Nikkei Veritas – Market Eye column, 25th February 2008
The weakness of the US economy has produced calls for a tax cut. Since politicians love bribing voters with their own money, particularly in a presidential election year, the idea has been taken up enthusiastically and Congress has agreed a stimulus package of $170 bn.
The short-term attractions are clear. Not only will voters pay lower taxes, but the move will reduce the likely severity of the coming downturn in the economy. But it increases two longer term risks. One is that the next recovery will come too soon, before inflation has fallen enough. Inflationary expectations would then rise and a more prolonged period of poor output will be needed to bring them back. The other risk lies in the poor long-term outlook for the budget due to the increased cost of social security as the population ages. In response to the second of these issues, there has been an accompanying propaganda exercise designed to cloak the tax cuts in as much respectability as possible, by emphasising the need for the cuts to be timely, targeted and temporary.
However the tax cuts will only start to impact the economy towards the end of the year. It will therefore only be timely if the US slow down is otherwise on track to last well into 2009. Despite widespread optimism that the weakness of the US economy will be brief, such a pessimistic view seems justified to me.
Those expecting the US economy to recover quickly see its main weakness as coming from the current decline in house building. But the fall in house prices is likely to have a much wider impact. Over the past 20 years household savings have fallen to near zero from 10% of disposable income, and the rise in house prices has probably been an important factor in this decline. Two things seem likely; the first is that the current level of savings is well below its equilibrium and the second is that a return to that level will happen slowly and steadily. This will cause personal consumption to grow only feebly for some time and thus, without some offset, the economy would face a long period of weakness.

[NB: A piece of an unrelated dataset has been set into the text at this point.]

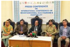
PRESIDENT OF PAKISTAN SPEAKS AT A CONFERENCE ORGANIZED BY SERENA HOTELS P.2

There is therefore a reasonable case for a tax cut, provided that other ways in which demand could rise to offset the prospective economic weakness will take time to arrive and if the Fed is willing to raise interest rates quickly if an early recovery is indicated. If consumption is weak, the only private sector candidates to offset the impact on the economy are investment and exports and the two are closely linked. Exports are much more capital intensive than the output needed to satisfy domestic demand, which has a high service content. If US exports could rise to meet the gap opened up by weak consumption, then the help should be reinforced by higher investment.
The future level of US exports should be helped by the pronounced weakness of the dollar over the past two years. In the short-term, however, exports depend more on demand than relative prices and the weakness of the US economy, together with the impact of financial instability, is likely to reduce the demand for US exports in the rest of the world. There is therefore a good case for a temporary US tax cut, provided that the widespread scepticism about its practicality is unjustified and the cut would not prove to be a long- term one.
While the case for a US tax cut seems reasonable to me, it is based on the assumption that the US economy faces a prolonged period of weakness. If it bounces back quickly, the risks of rising inflation, which are already present, will be magnified. The US needs a period in which it grows relatively slowly. Without this inflation will not fall back and if, as is then likely, inflationary expectations rise, then the Federal Reserve will need to push interest rates up sharply and induce another and probably more severe or prolonged period of sub-par growth.